Could you transcribe every entry below exactly, leaving out the pictures?
== == ==
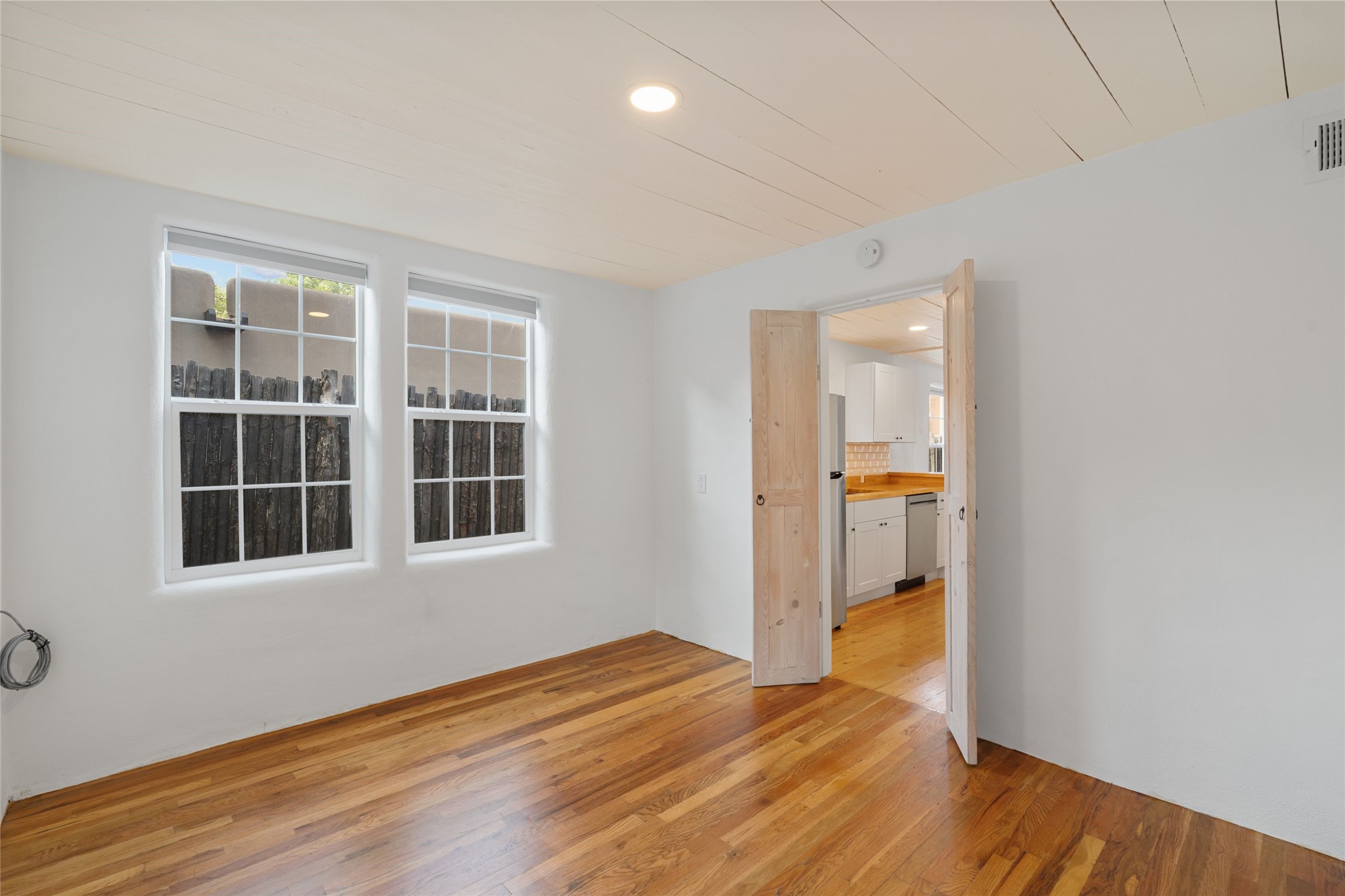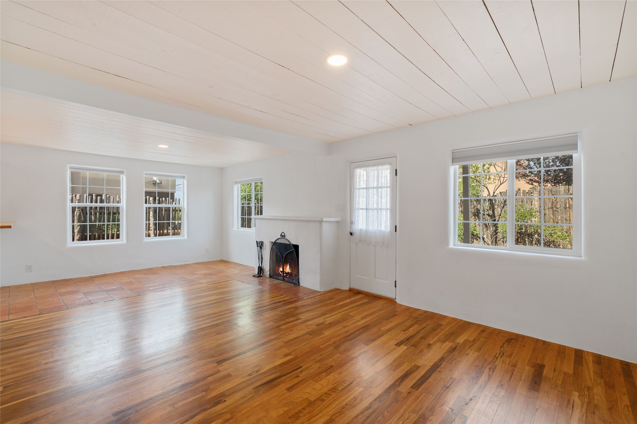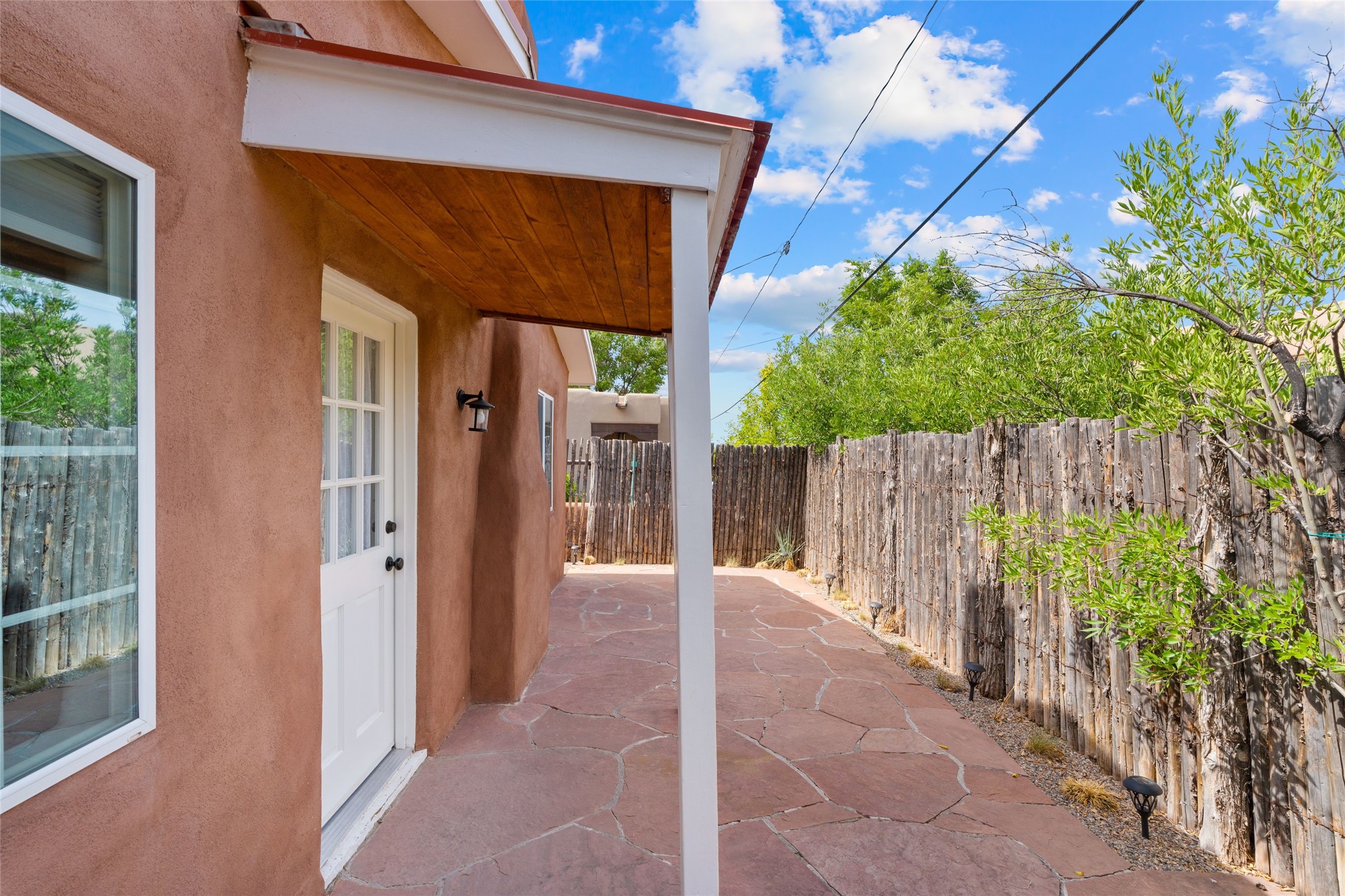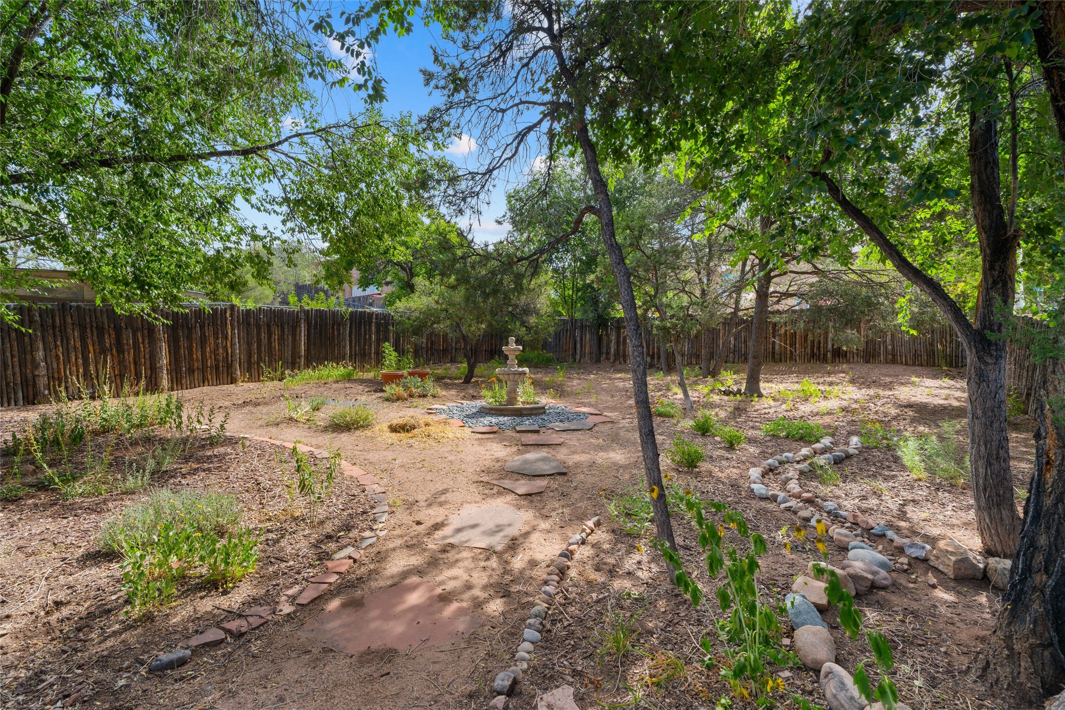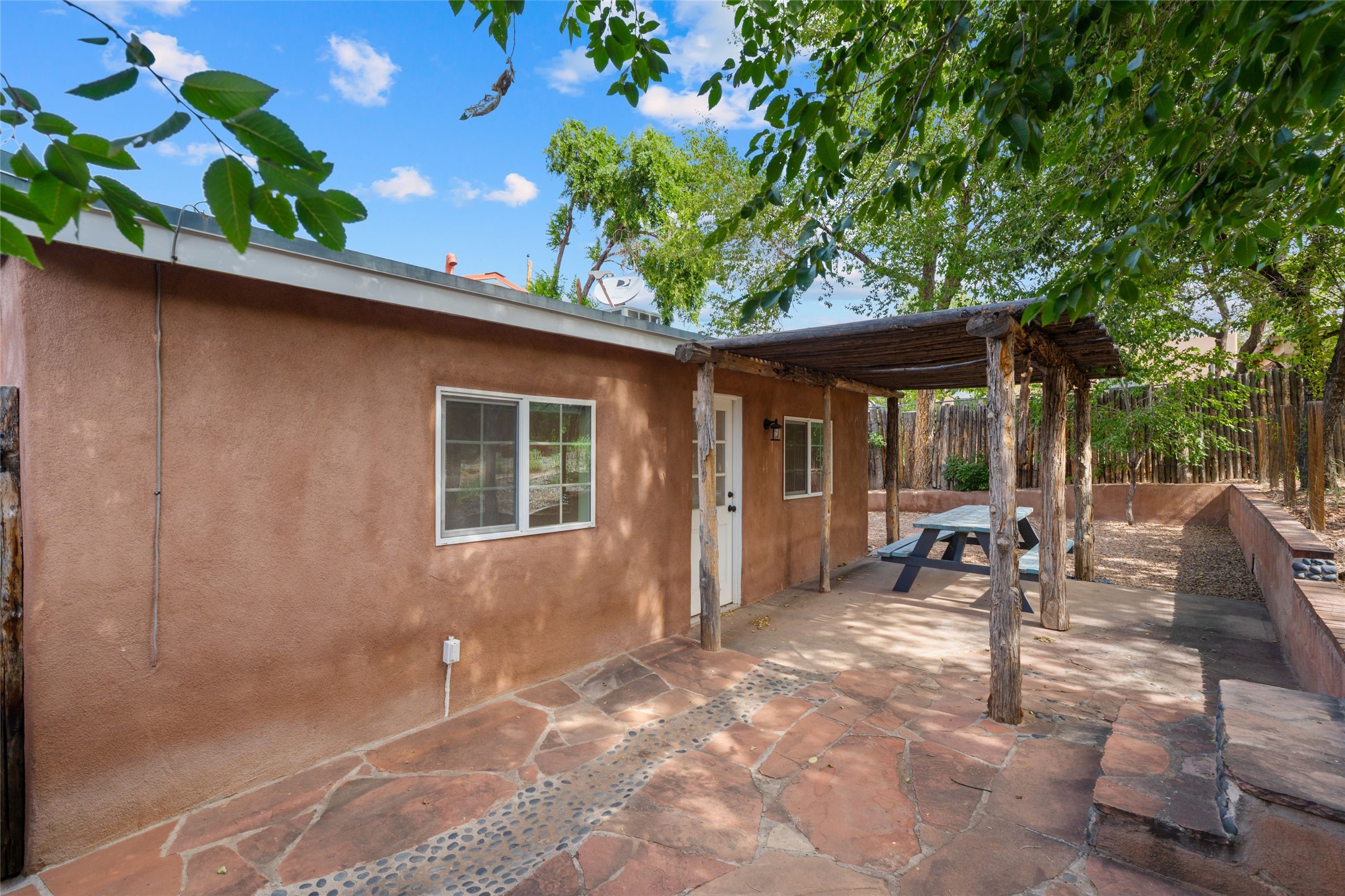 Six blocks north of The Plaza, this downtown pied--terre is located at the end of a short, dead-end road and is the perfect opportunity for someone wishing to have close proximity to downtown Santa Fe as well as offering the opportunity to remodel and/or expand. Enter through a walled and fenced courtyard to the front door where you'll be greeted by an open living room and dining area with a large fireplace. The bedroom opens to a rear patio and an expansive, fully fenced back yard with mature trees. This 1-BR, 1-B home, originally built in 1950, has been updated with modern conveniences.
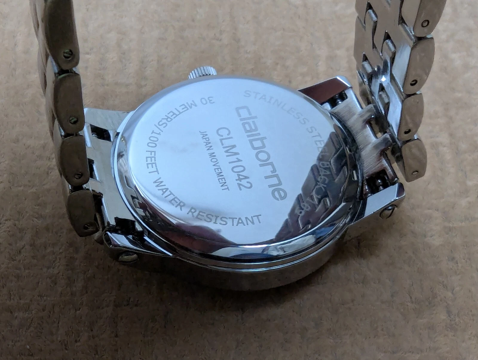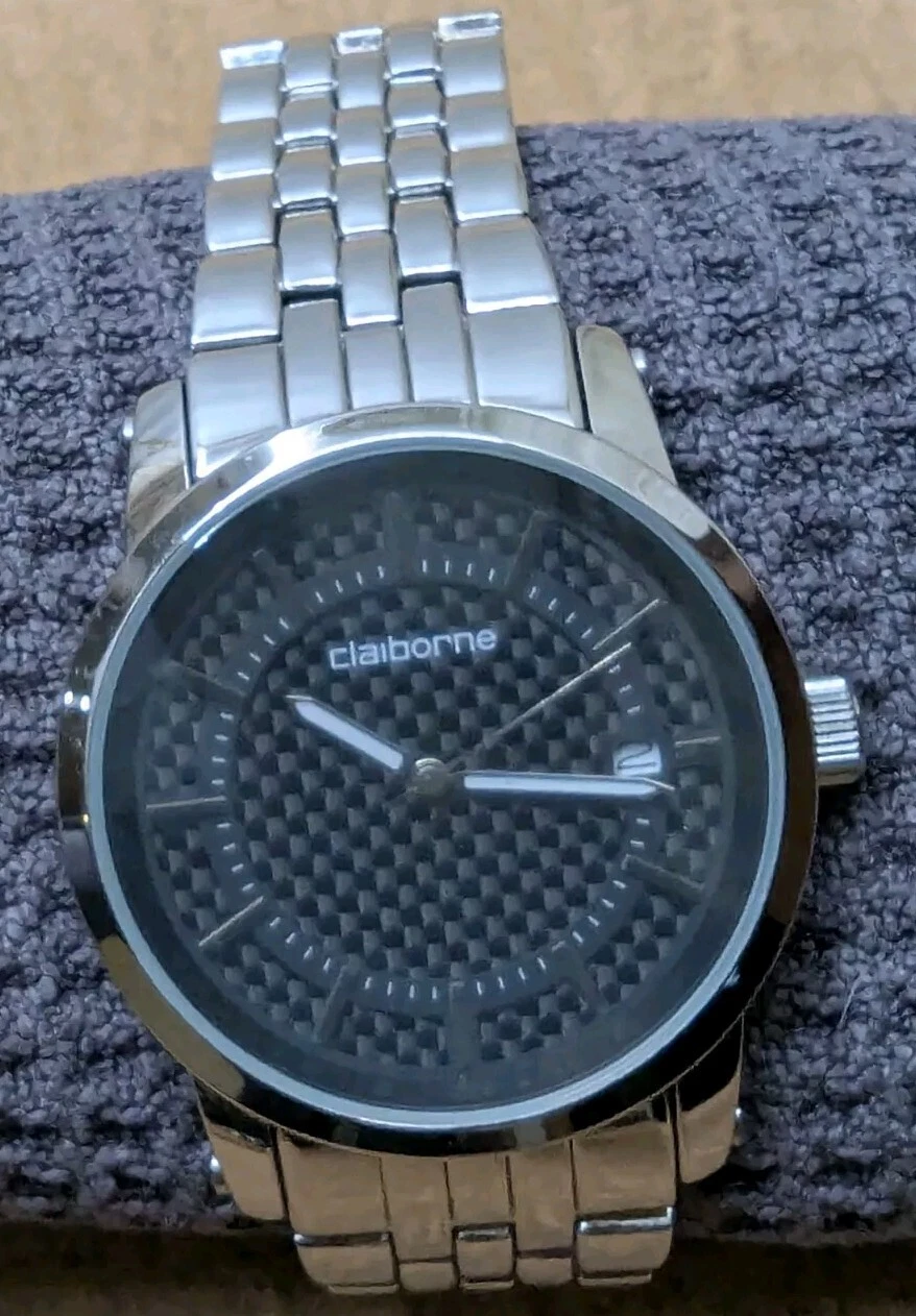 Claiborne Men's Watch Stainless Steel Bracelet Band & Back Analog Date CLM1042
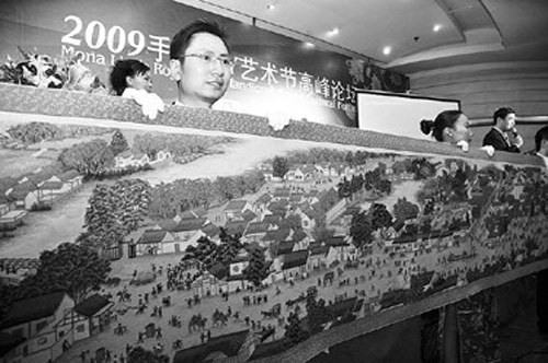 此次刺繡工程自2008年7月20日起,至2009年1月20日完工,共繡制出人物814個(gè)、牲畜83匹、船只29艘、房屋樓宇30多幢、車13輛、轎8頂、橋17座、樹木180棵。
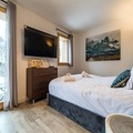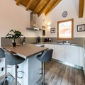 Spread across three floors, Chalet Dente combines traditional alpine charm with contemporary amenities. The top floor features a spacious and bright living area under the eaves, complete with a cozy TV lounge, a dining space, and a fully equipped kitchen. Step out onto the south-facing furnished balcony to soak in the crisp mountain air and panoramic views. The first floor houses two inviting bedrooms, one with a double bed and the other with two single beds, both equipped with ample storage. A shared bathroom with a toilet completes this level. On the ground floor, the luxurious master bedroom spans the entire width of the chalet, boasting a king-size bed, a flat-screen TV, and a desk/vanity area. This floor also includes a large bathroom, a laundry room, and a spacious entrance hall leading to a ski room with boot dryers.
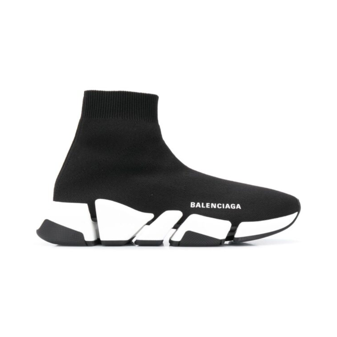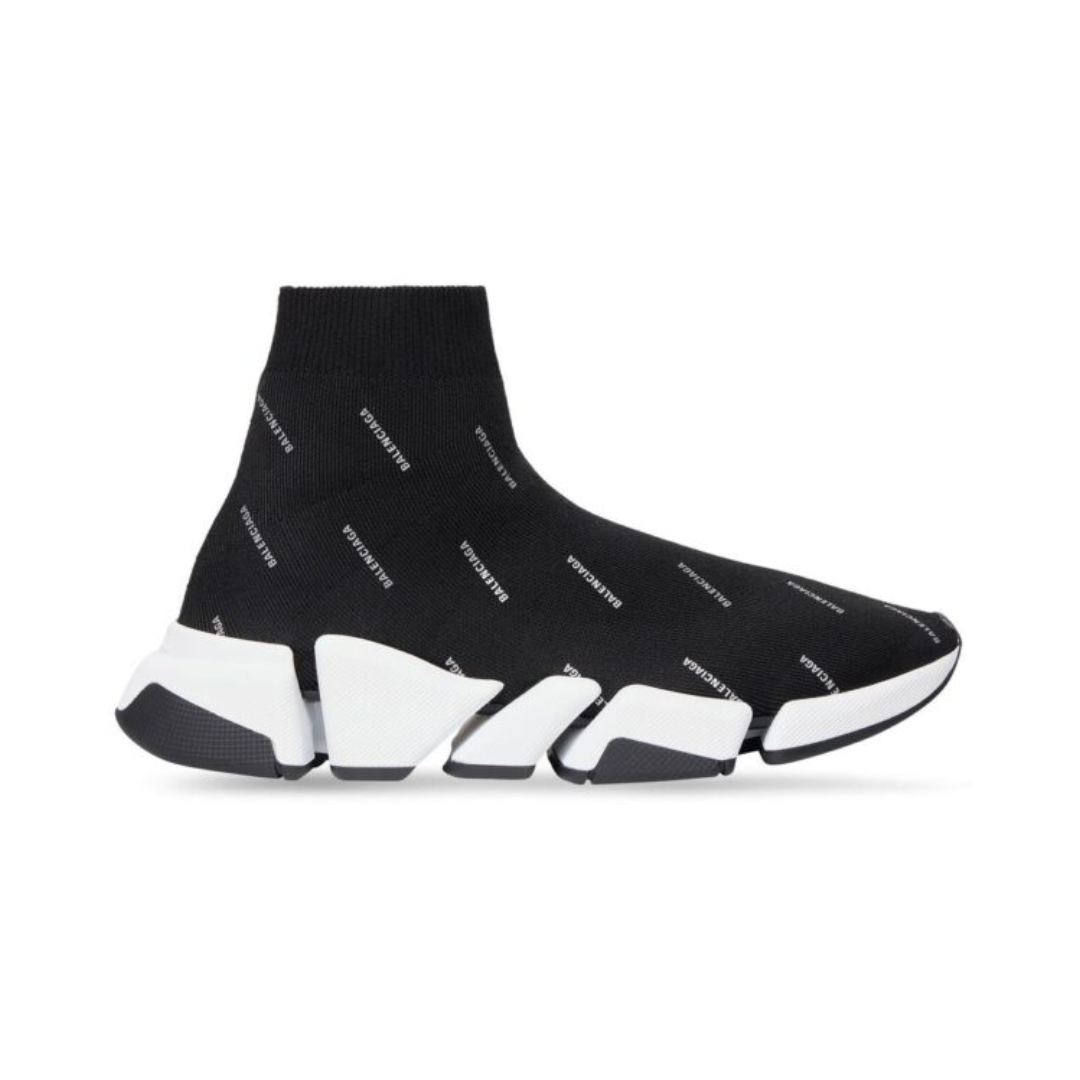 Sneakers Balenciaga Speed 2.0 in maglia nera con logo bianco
== == ==
### Task result
 Six blocks north of The Plaza, this downtown pied--terre is located at the end of a short, dead-end road and is the perfect opportunity for someone wishing to have close proximity to downtown Santa Fe as well as offering the opportunity to remodel and/or expand. Enter through a walled and fenced courtyard to the front door where you'll be greeted by an open living room and dining area with a large fireplace. The bedroom opens to a rear patio and an expansive, fully fenced back yard with mature trees. This 1-BR, 1-B home, originally built in 1950, has been updated with modern conveniences.
 Claiborne Men's Watch Stainless Steel Bracelet Band & Back Analog Date CLM1042
 此次刺繡工程自2008年7月20日起,至2009年1月20日完工,共繡制出人物814個(gè)、牲畜83匹、船只29艘、房屋樓宇30多幢、車13輛、轎8頂、橋17座、樹木180棵。
 Spread across three floors, Chalet Dente combines traditional alpine charm with contemporary amenities. The top floor features a spacious and bright living area under the eaves, complete with a cozy TV lounge, a dining space, and a fully equipped kitchen. Step out onto the south-facing furnished balcony to soak in the crisp mountain air and panoramic views. The first floor houses two inviting bedrooms, one with a double bed and the other with two single beds, both equipped with ample storage. A shared bathroom with a toilet completes this level. On the ground floor, the luxurious master bedroom spans the entire width of the chalet, boasting a king-size bed, a flat-screen TV, and a desk/vanity area. This floor also includes a large bathroom, a laundry room, and a spacious entrance hall leading to a ski room with boot dryers.
 Sneakers Balenciaga Speed 2.0 in maglia nera con logo bianco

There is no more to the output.